▶ **Exercise**:
Once you reach the line containing "Os cliques são" in the data below, restate each line word for word up to and including the one containing "連結項目を配置しているパネル".

▶ **The data**:
+++
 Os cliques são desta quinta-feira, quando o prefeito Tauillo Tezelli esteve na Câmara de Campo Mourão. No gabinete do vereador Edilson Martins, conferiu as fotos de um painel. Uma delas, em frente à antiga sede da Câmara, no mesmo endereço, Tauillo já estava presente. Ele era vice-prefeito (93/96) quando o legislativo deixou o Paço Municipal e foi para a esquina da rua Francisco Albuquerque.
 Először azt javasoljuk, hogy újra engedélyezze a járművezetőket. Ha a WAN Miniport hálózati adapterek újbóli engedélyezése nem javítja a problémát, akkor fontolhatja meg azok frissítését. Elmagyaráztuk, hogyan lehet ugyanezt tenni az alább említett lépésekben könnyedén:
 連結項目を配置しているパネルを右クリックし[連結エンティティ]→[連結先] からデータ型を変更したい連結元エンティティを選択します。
+++
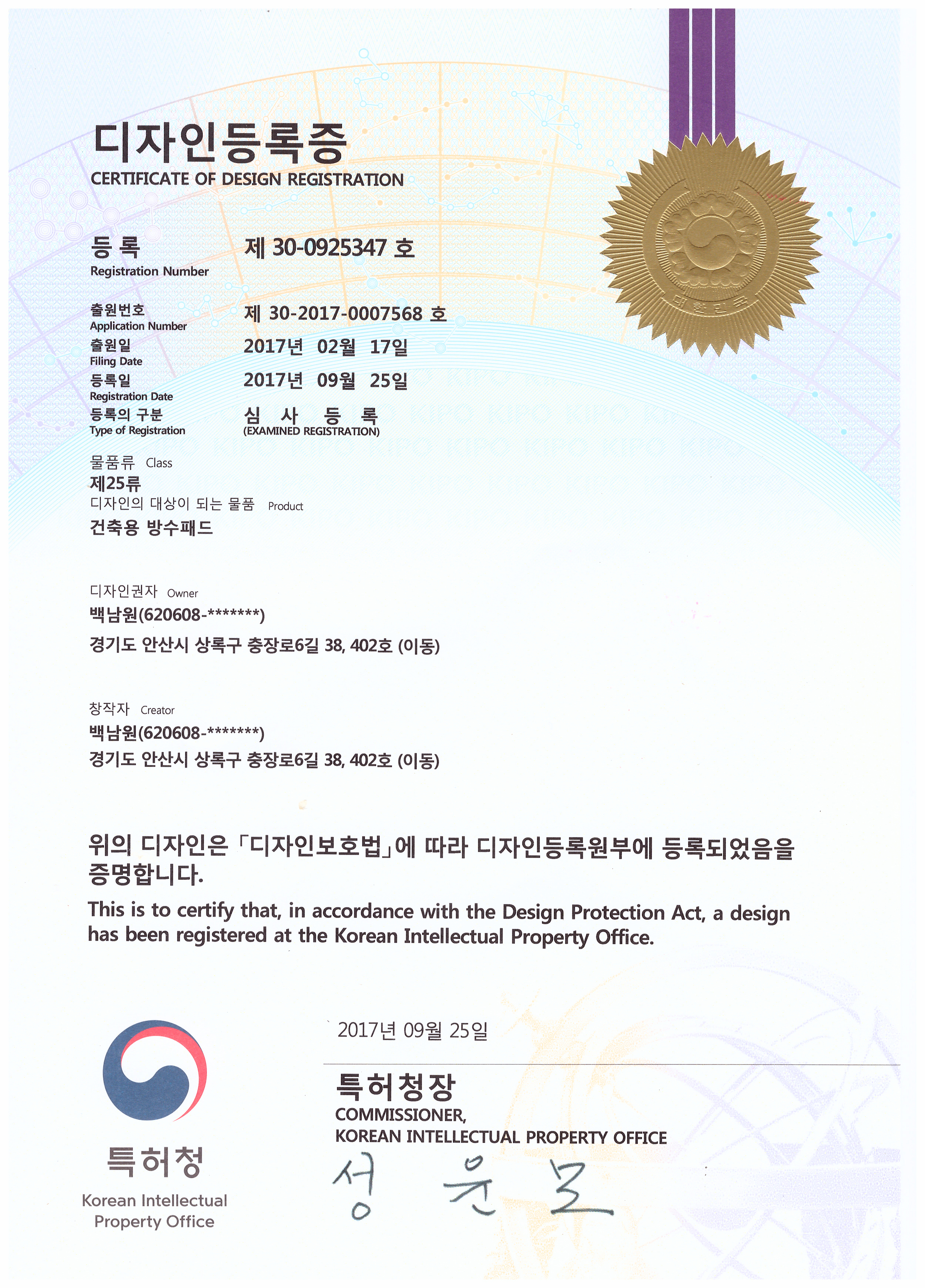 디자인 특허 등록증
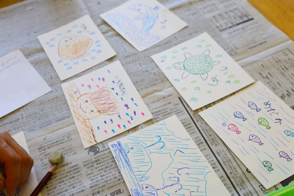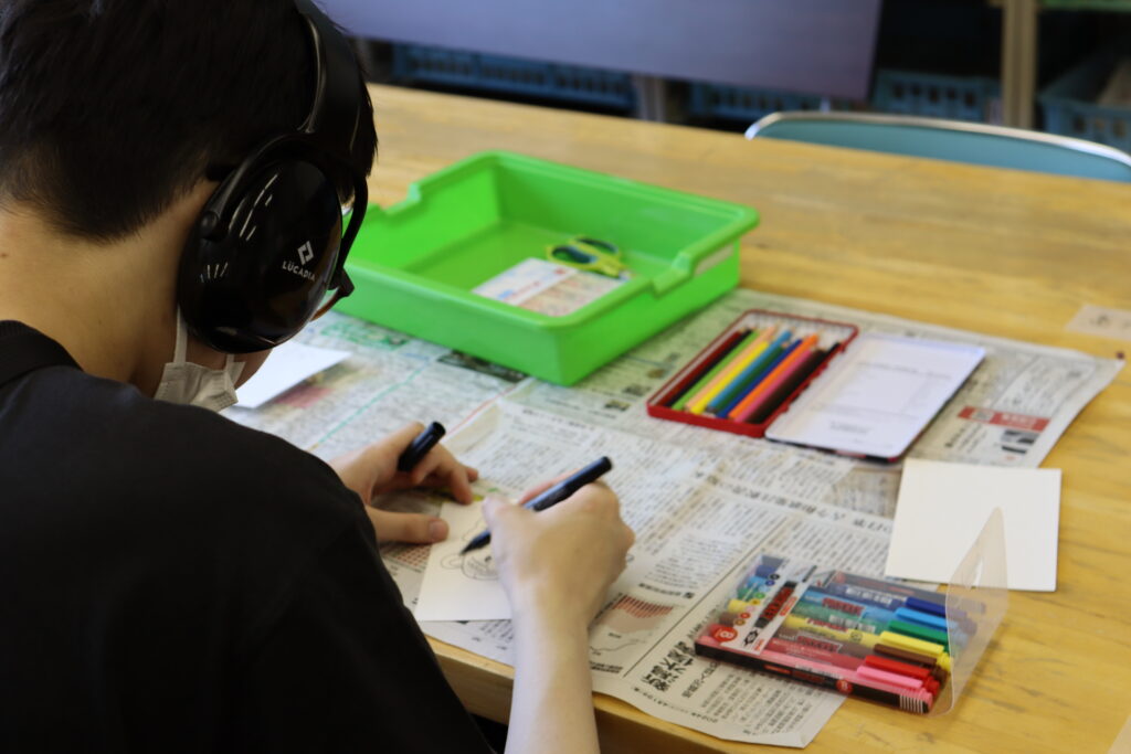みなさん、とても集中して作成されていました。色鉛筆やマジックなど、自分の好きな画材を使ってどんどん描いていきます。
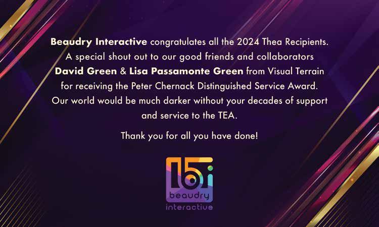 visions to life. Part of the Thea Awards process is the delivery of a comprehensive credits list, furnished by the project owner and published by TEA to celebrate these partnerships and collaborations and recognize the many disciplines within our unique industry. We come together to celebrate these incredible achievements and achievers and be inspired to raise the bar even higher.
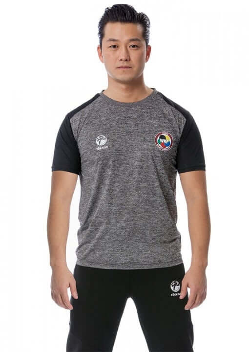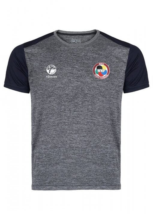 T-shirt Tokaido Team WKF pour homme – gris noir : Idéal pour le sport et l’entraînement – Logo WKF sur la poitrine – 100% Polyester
+++
▶ **Answer section**:
 Os cliques são desta quinta-feira, quando o prefeito Tauillo Tezelli esteve na Câmara de Campo Mourão. No gabinete do vereador Edilson Martins, conferiu as fotos de um painel. Uma delas, em frente à antiga sede da Câmara, no mesmo endereço, Tauillo já estava presente. Ele era vice-prefeito (93/96) quando o legislativo deixou o Paço Municipal e foi para a esquina da rua Francisco Albuquerque.
 Először azt javasoljuk, hogy újra engedélyezze a járművezetőket. Ha a WAN Miniport hálózati adapterek újbóli engedélyezése nem javítja a problémát, akkor fontolhatja meg azok frissítését. Elmagyaráztuk, hogyan lehet ugyanezt tenni az alább említett lépésekben könnyedén:
 連結項目を配置しているパネルを右クリックし[連結エンティティ]→[連結先] からデータ型を変更したい連結元エンティティを選択します。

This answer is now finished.